What the task asks -
Retype the lines below exactly, from the one that contains "(¬٤) المعنى: فيعود" through the last, and leave every picture out.

Raw data -
────────

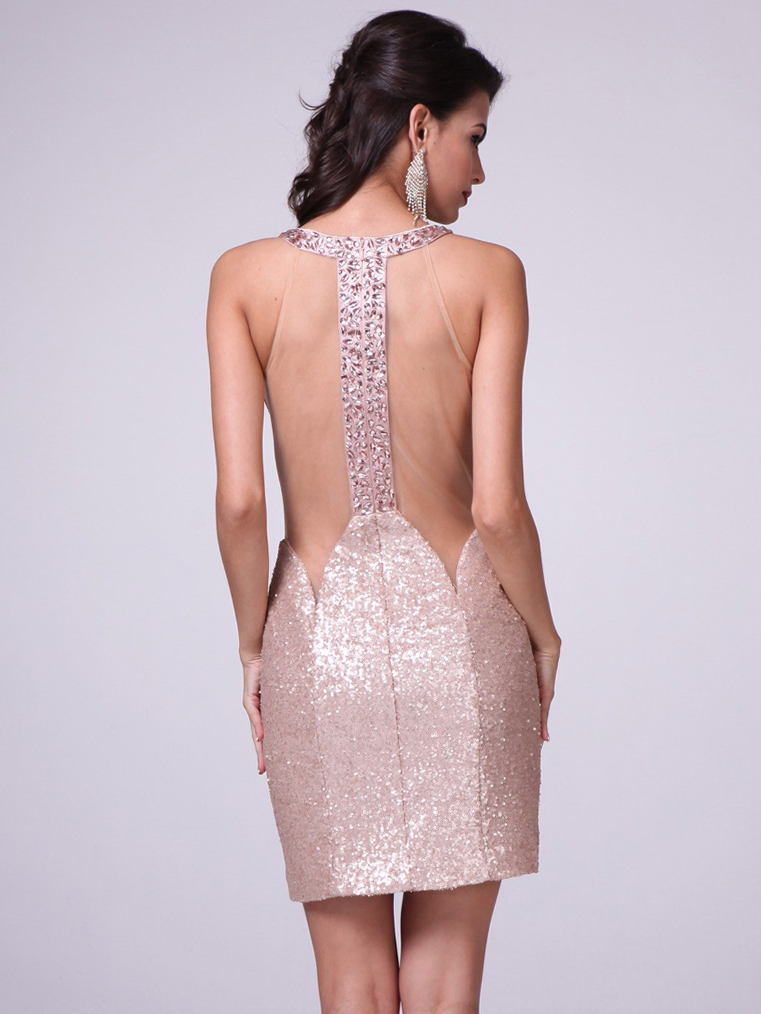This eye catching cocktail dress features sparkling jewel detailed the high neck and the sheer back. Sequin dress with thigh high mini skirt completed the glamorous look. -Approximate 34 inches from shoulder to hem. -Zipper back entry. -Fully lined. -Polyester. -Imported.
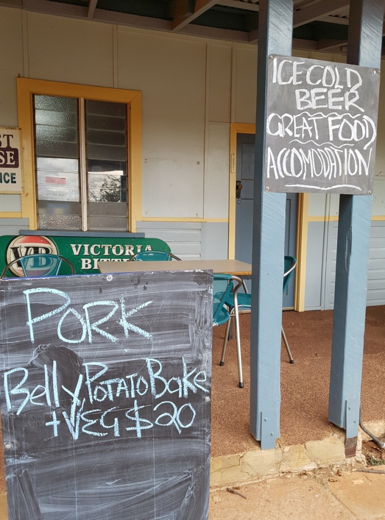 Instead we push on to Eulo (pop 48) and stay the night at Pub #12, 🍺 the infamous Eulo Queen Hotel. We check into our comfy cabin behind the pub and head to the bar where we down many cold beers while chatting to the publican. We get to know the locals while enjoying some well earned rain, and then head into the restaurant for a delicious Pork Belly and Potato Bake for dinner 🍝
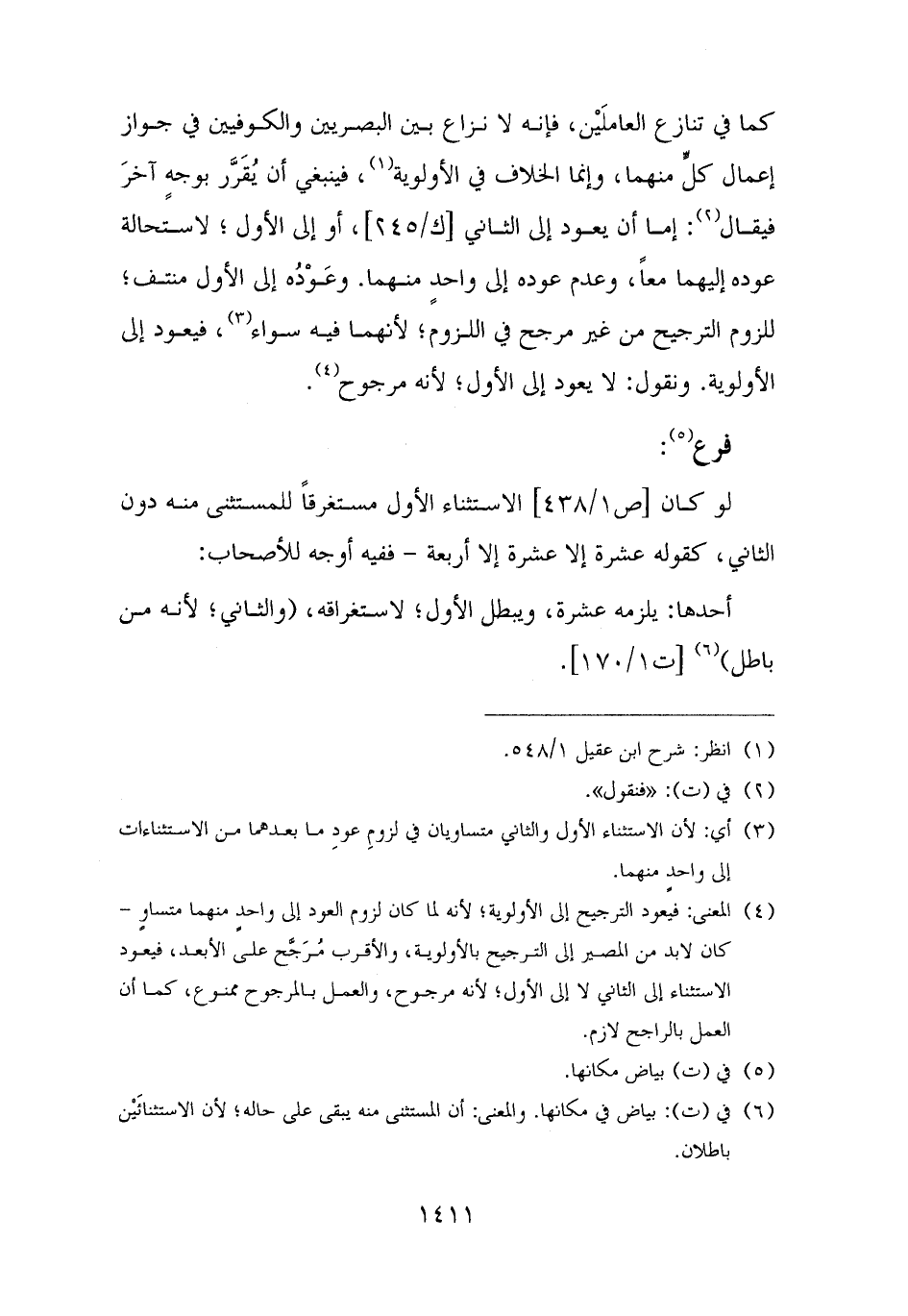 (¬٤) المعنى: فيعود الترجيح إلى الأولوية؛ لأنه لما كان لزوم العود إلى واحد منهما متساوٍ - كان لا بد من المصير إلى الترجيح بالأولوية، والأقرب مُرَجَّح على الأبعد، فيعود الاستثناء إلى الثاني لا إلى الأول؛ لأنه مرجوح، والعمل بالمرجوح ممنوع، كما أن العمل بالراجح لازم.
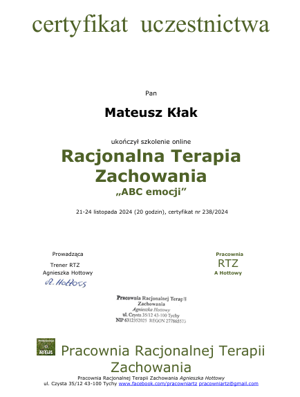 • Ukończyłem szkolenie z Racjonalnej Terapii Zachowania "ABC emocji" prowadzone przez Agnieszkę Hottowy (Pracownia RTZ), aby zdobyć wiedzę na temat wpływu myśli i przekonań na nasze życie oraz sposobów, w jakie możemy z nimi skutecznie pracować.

────────

Solution to the problem -
 (¬٤) المعنى: فيعود الترجيح إلى الأولوية؛ لأنه لما كان لزوم العود إلى واحد منهما متساوٍ - كان لا بد من المصير إلى الترجيح بالأولوية، والأقرب مُرَجَّح على الأبعد، فيعود الاستثناء إلى الثاني لا إلى الأول؛ لأنه مرجوح، والعمل بالمرجوح ممنوع، كما أن العمل بالراجح لازم.
 • Ukończyłem szkolenie z Racjonalnej Terapii Zachowania "ABC emocji" prowadzone przez Agnieszkę Hottowy (Pracownia RTZ), aby zdobyć wiedzę na temat wpływu myśli i przekonań na nasze życie oraz sposobów, w jakie możemy z nimi skutecznie pracować.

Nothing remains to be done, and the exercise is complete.